Ostatnio w serialu rodzinka.pl można było zauważyć iż rodzic uczył
dziecko prowadzić samochód. Wiem że film jest raczej kiepskim źródłem
informacji, ale w tym przypadku można się spodziewać przemycenia właśnie
jakiejś treści.. Jak to jest.. bo czytam sobie jakieś posty z 2007 roku
że niby coś takie ma(miało) wejść w życie, że ktoś z bliskich będzie
mógł uczyć jeździć. Macie jakąś podstawę prawną? Działa to?

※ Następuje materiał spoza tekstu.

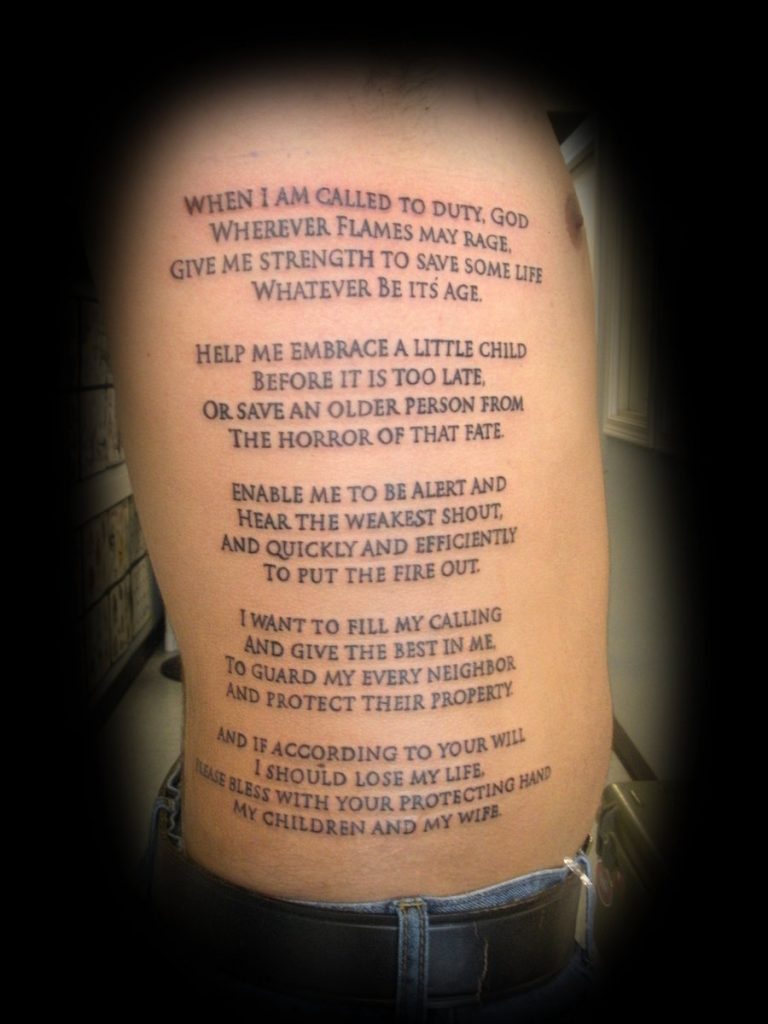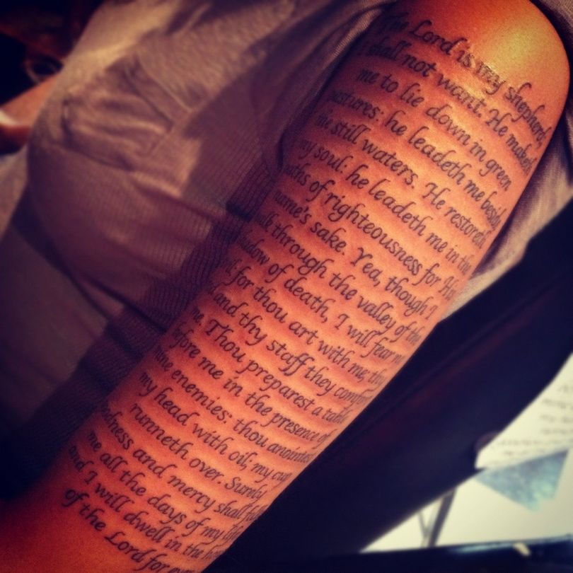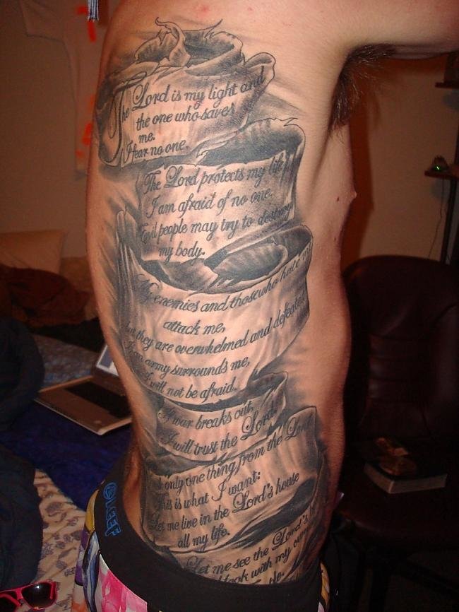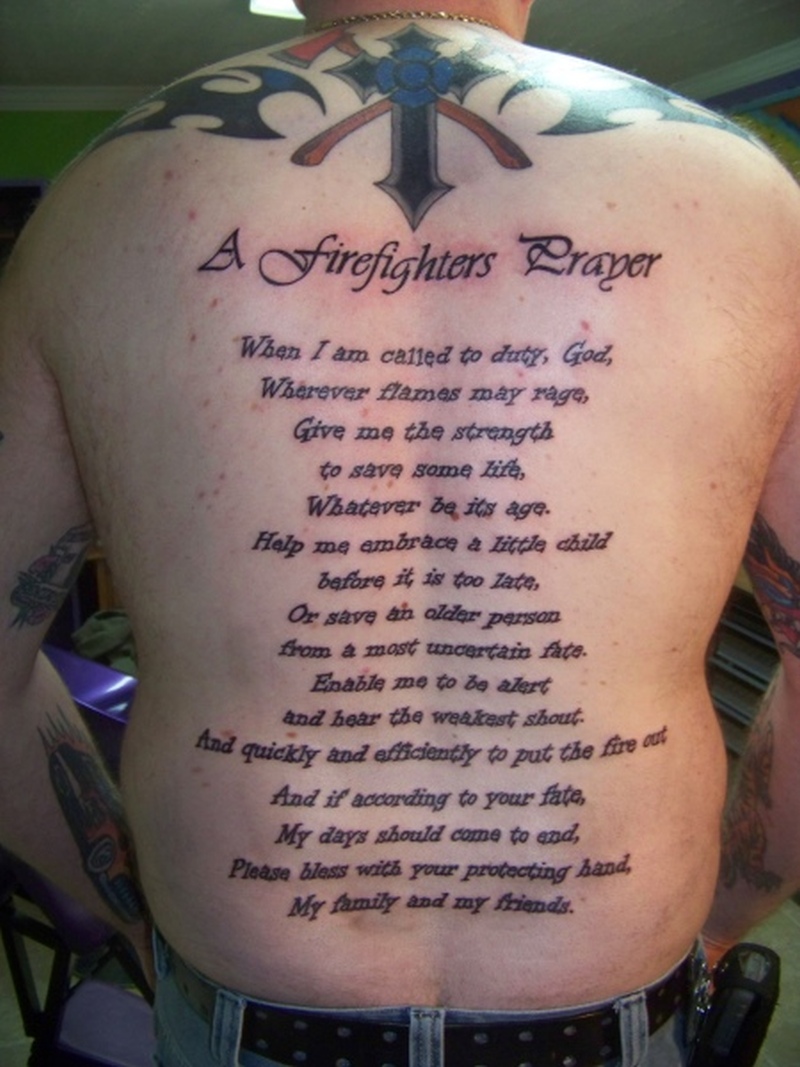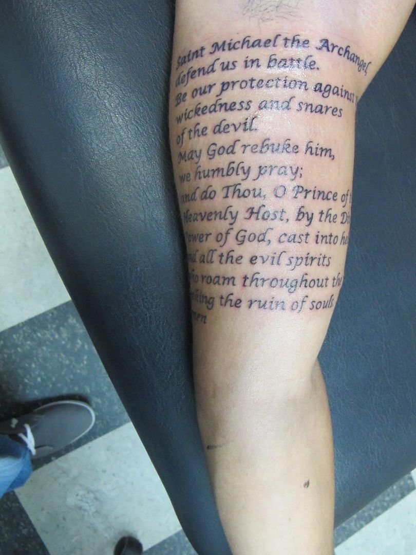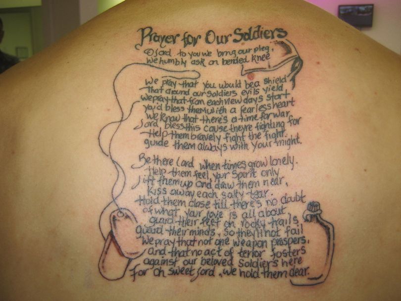 Obľuba náčrtov s modlitbami všetkých typov je často pomerne vysoká - možno tu nájsť citáty z Biblie, Koránu, budhistických spisov a hinduistických véd. Je však dôležité pochopiť, že duchovní rôznych denominácií tento spôsob zdobenia tela neschvaľujú. Ľudia však chcú týmto spôsobom dosiahnuť iné ciele - ochrániť sa pred zlými silami a získať dôveru v podporu Stvoriteľa.
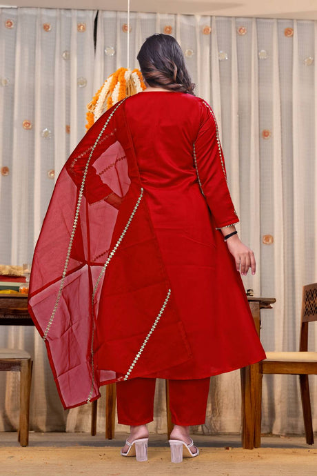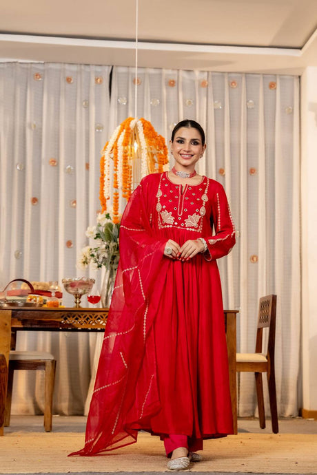 Red Sequin with Embroidered Chanderi Anarkali Suits
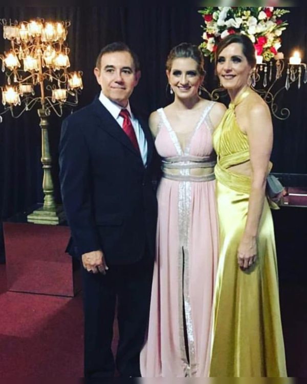 Use o cabelo totalmente solto, não exagere muito nos acessórios e não esqueça que os mesmos devem combinar com a cor do vestido. A cor do salto pode ser um nude, preto.
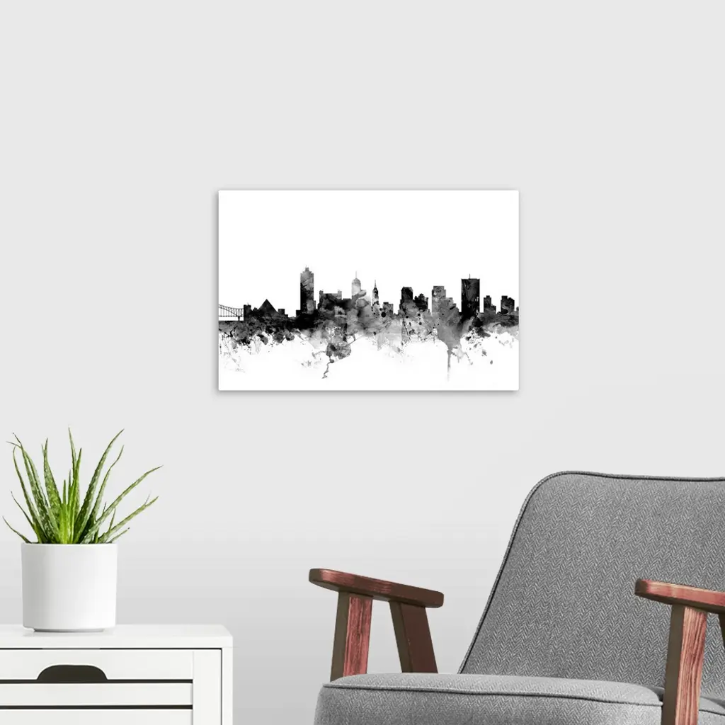 Smokey dark watercolor silhouette of the Memphis city skyline.
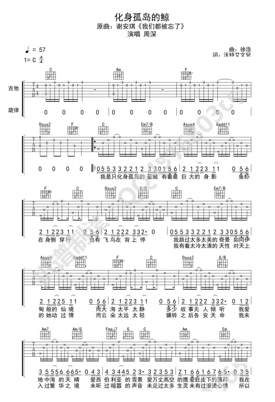 吉他周深《化身孤岛的鲸》吉他谱 - 好听到爆炸
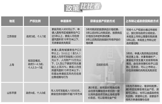 去年底,住房城乡建设部负责人表示:“鼓励地方从本地实际出发,积极创新住房供应模式,探索发展共有产权住房。”2月7日,本版报道了江苏淮安共有产权房政策的实施情况。上海市和山东平原县也推行共有产权的保障房多年。三地的具体措施有什么异同?
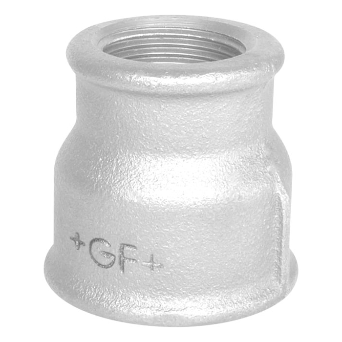Soft cast fittings 00 0001 - 000 341 meet the requirements of ISO 49-DS/EN 10242. Available in black and hot-dip galvanized version. Hot dip galvanizing is carried out with min. 500 g/m2 of zinc Zn 99.9 according to DS/EN 10242. Pipe thread made according to DS/ISO 7-1 DS/EN 10266-1. External threads are conical (Increase 1:16), internal threads cylindrical.

Nie sądzę że to kiedykolwiek przejdzie, chyba że zrobisz sobie uprawnienia i dostosujesz auto to możesz nawet i dziś :)

--
Części do A6 C4 sprzedam
http://allegro.pl/show_user_auctions.php?uid=399697
Pozdrawiam
Lewis

4 Data: Wrzesien 30 2012 19:19:22
Temat: Re: nauka jazdy pod okiem kogoś z rodziny...
Autor: John Kołalsky 


Użytkownik "Albercik"


Ostatnio w serialu  ... można było zauważyć iż rodzic uczył dziecko prowadzić samochód.

Na drodze publicznej ?

5 Data: Wrzesien 30 2012 22:08:09
Temat: Re: nauka jazdy pod okiem kogoś z rodziny...
Autor: Tom N 

John Kołalsky w


Użytkownik "Albercik"

Ostatnio w serialu  ... można było zauważyć iż rodzic uczył dziecko
prowadzić samochód.

Na drodze publicznej ?

Jakiś problem?

PJ to tylko kwit. No chyba, że twierdzisz, że Twoje potomstwo po odbyciu
kursu i zdaniu egzaminu na PJ nie wymaga już nauki -- wszystkiego sie
nauczyło...

--
'Tom N'

6 Data: Wrzesien 30 2012 20:13:26
Temat: Re: nauka jazdy pod okiem kogoś z rodziny...
Autor:

Albercik wrote:

Ostatnio w serialu rodzinka.pl można było zauważyć iż rodzic uczył
dziecko prowadzić samochód. Wiem że film jest raczej kiepskim źródłem
informacji, ale w tym przypadku można się spodziewać przemycenia właśnie
jakiejś treści.. Jak to jest.. bo czytam sobie jakieś posty z 2007 roku
że niby coś takie ma(miało) wejć w życie, że ktoś z bliskich będzie
mógł uczyć jeździć. Macie jakąś podstawę prawną? Działa to?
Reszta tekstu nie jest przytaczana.